Im Wesentlichen begründet sich die Einstellung des Verfahrens auf folgende Ermittlungs- und Untersuchungsergebnisse:

Der Nachweis, dass das Unfallopfer durch die Kollision mit dem Pkw VW Golf getötet wurde, konnte nicht geführt werden. Das Gutachten kommt zwar zu dem Ergebnis, dass die 23-Jährige von dem Pkw erfasst wurde, dabei aber bereits nach einem selbstverschuldeten Sturz auf der Straße gelegen haben muss. Ein Zusammenstoß mit einer aufrecht stehenden Person kann ausgeschlossen werden.

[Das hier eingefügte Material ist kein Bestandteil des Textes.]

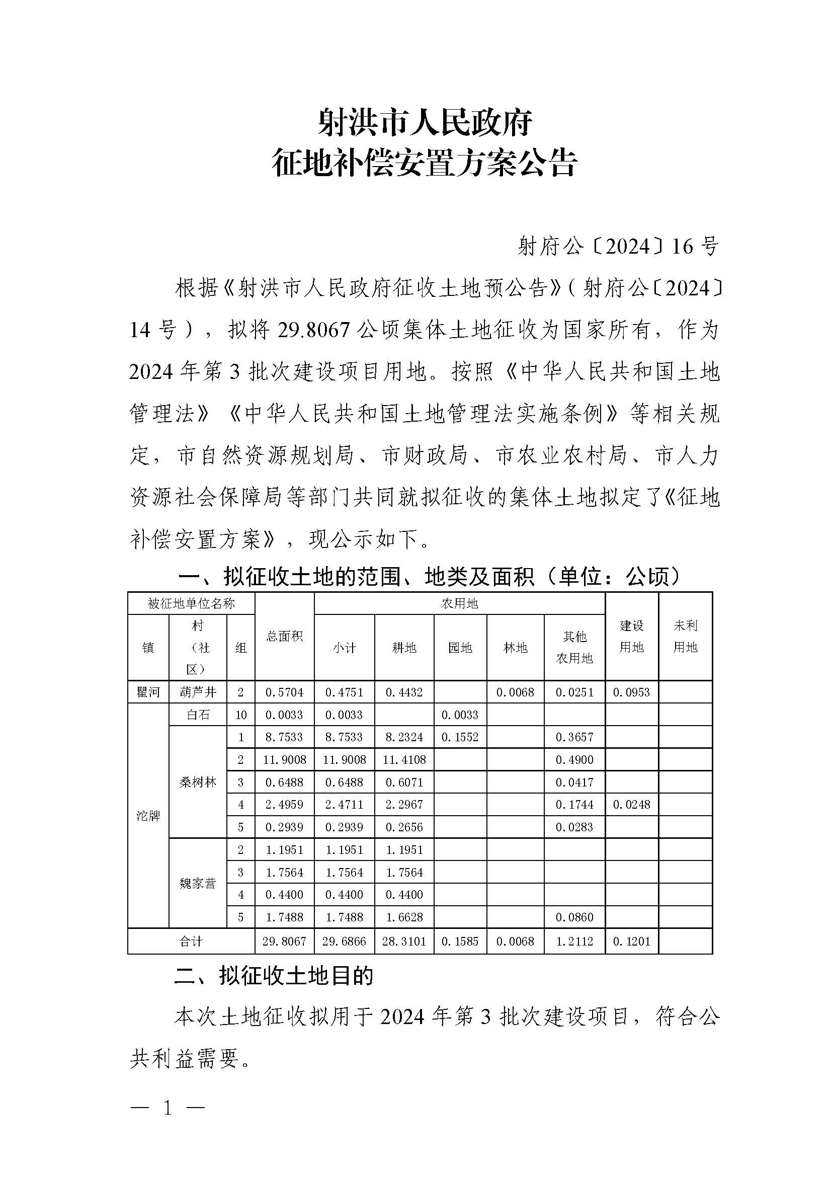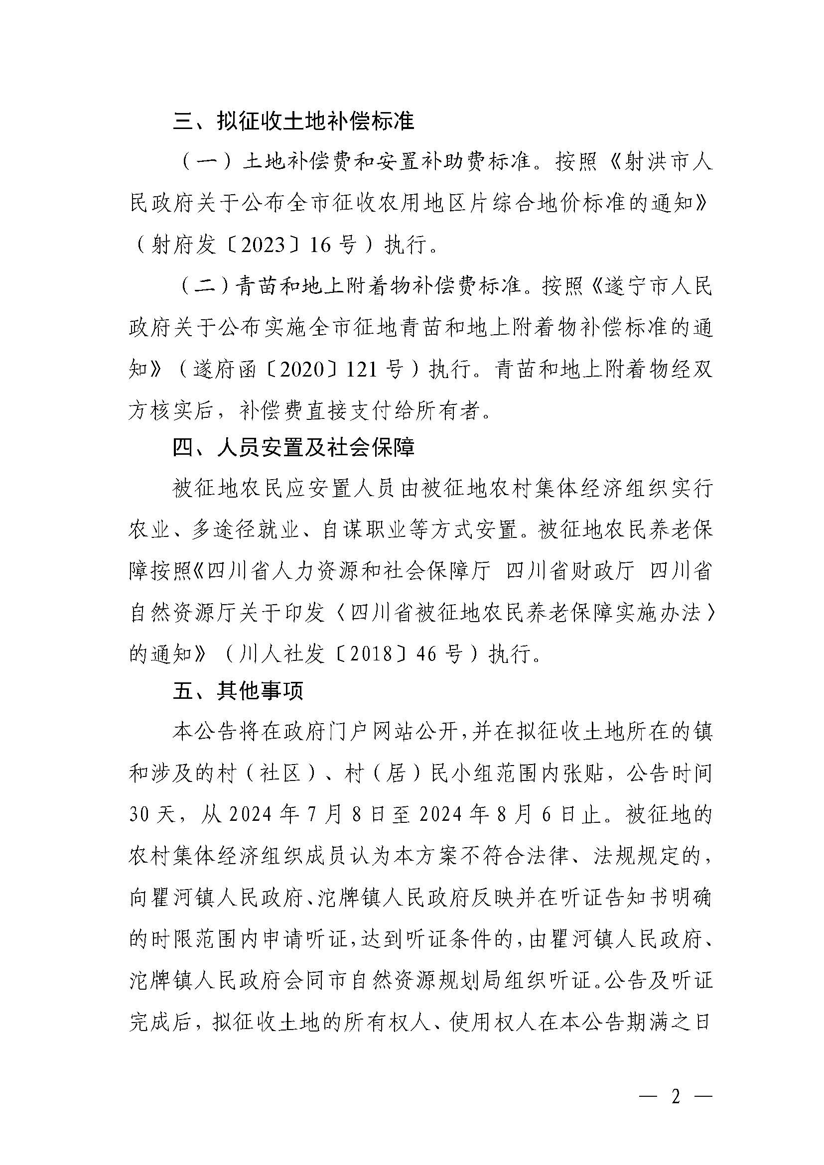 射洪市人民政府征地补偿安置方案公告(射府公〔2024〕16号)

Nach Einschätzung der Sachverständigen lässt sich nicht mehr klären, ob die schweren Verletzungen der 23-Jährigen von dem Sturzgeschehen, von der Kollision mit dem Pkw oder möglicherweise beidem herrühren. Der Vorwurf der fahrlässigen Tötung gegenüber dem Pkw-Lenker ist deshalb nicht nachweisbar.

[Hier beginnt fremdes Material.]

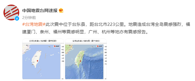 臺灣中時(shí)新聞網(wǎng)報(bào)道稱,此次地震屬于淺層地震,加上震中在內(nèi)陸,全臺皆有震感。

Auch eine strafrechtlich relevante Sorgfaltspflichtverletzung kann dem Pkw-Lenker nicht nachgewiesen werden. Wenn der Unfall für den 27-Jährigen weder vorhersehbar noch vermeidbar war, scheidet auch dahingehend der Vorwurf der fahrlässigen Tötung aus. Im Ergebnis der gutachterlichen Untersuchungen muss zugunsten des Pkw-Lenkers und seiner Mitfahrer davon ausgegangen werden, dass sie die auf der Straße liegende Frau nicht hatten wahrnehmen können und den nachgewiesenen Kontakt des VW Golf mit dem Unfallopfer auch nicht hatten vermeiden können. Weitere belastende Momente hinsichtlich etwaigen Fehlverhaltens, wie etwa nicht angepasste bzw. überhöhte Geschwindigkeit oder körperliche Mängel beim Führen des Fahrzeugs, sind ebenso wenig nachweisbar bzw. spekulativ.

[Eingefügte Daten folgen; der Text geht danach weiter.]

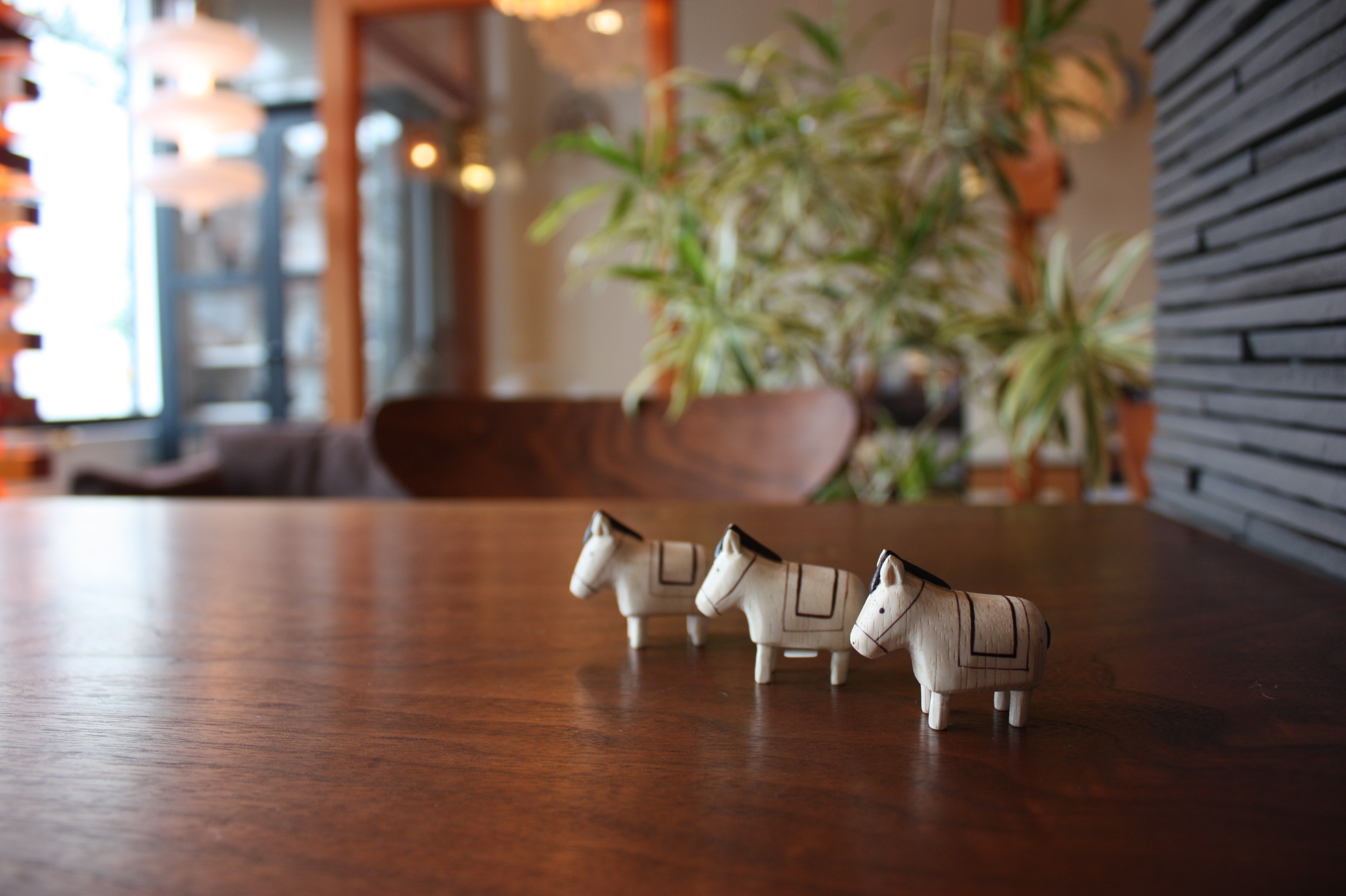ウォールナットのオリジナルテーブルの上。ぼやけて見えるのはナガノインテリアの椅子かな。

Dass die Pkw-Insassen den Anstoß gegen einen auf der Straße liegenden Menschen bemerkt oder auch nur für möglich gehalten und billigend in Kauf nahmen und ihre Fahrt dennoch einfach fortsetzten, ist nicht nachzuweisen. Zwar muss eine Kollision mit dem auf der Straße liegenden Unfallopfer wahrnehmbar für die Fahrzeuginsassen gewesen sein. Doch gerade bei den zur Unfallzeit herrschenden winterlichen Straßenverhältnissen kann eine solche akustische (hörbare) bzw. taktile (spürbare) Wahrnehmung auch auf das Fahren gegen Eis- oder Schneeklumpen zurückzuführen sein. Der Beweis, dass die Autoinsassen einen Zusammenstoß mit einem Menschen in Erwägung hätten ziehen müssen und trotzdem einfach weiterfuhren bzw. nicht halfen, kann nicht geführt werden. In der juristischen Konsequenz können damit dem Pkw-Lenker deshalb weder ein versuchtes Tötungsdelikt durch Unterlassen, noch das unerlaubte Entfernen vom Unfallort nachgewiesen werden. Gleiches gilt für die beiden Mitfahrer bezüglich des Vorwurfs der unterlassenen Hilfeleistung.

Bei aller menschlicher Tragik des Falles, die auch die beteiligten Ermittler von Polizei und Staatsanwaltschaft von Anfang an nicht unberührt ließ, musste die Entscheidung, das Verfahren im Sinne der geltenden rechtsstaatlichen Prinzipien einzustellen, so getroffen werden - nach dem Grundsatz „in dubio pro reo“ (im Zweifel für den Angeklagten).